An Investigation into the Feasibility of Establishing an Arts and Culture Research Network

March, 2013

Introduction

Research on arts and culture policy is not a flourishing field. While there is a Society for Social Theory, Politics and the Arts that holds annual meetings, their research tends to be narrowly focused and lacks the broad framework that could lead to greater impact. Such a framework needs to confront the implications of the rapidly changing demographic profile of the U.S., and the new ways in which people are engaging with the arts. And this framework would need to consider the implications of these changes for the future of arts and cultural policy.

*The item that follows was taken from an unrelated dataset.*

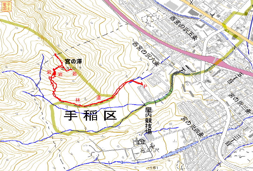| アクセス 手稲から国道5号線を札幌方向に走り、右手の宮越家具から南19条宮の沢線に右折する。札樽道を潜って、すぐ右側に真っ直ぐ山に向かう道があり、左折や右折をしながら分譲地の一番上まで行って車を停める。分譲地から三角点:宮の沢を見上げながら山に向かうと直ぐ林道がある。 国土地理院地図 Google マップ ルート図(2013.1.11)大→┃ |

While the concepts “economic policy”, “educational policy” and “health policy” have more or less understandable referents, the concept “cultural policy” most often elicits a cognitive blank. For most areas of policy there are clear guidelines on how policy is related to specific sectors, but cultural policy is buried under other policy sectors. Culture, in the United States, is never at the center of policy.

It is not as if thoughtful individuals have not noticed this and tried to do something about it. In the late ‘80s and early ‘90s, James Allen Smith (then the president of the Gilman Foundation) tried to interest other foundations in an arts and cultural policy program, but encountered considerable resistance. He did, however, succeed in getting several smaller foundations to fund a Center for Arts and Culture. Then, in 1999 the Pew Charitable Trusts announced a five-year, $50 million program to encourage policymakers to focus on issues like arts financing, intellectual property rights, zoning in historic areas and an arts curriculum for public schools. They recognized, in the words of Marion Godfrey, that “we have no organizing framework for this remarkable cultural richness and no overall context in which to understand and nurture it.” A drop in the endowment, however, led Pew to terminate the initiative almost before it started. Some 14 years later we still lack any overall framework that defines a field of cultural policy studies, and there are few scholars engaged in exciting research related to cultural policy.

Why should we revisit the issue? The issue of cultural policy is no less important today than it was a decade and a half ago; arguably it is even more important because of the profound and rapid changes taking place in technology, in the increasingly diverse racial, ethnic and religious makeup of the nation, and the squeezing out of arts education under the pressure of increased emphasis on math and science education.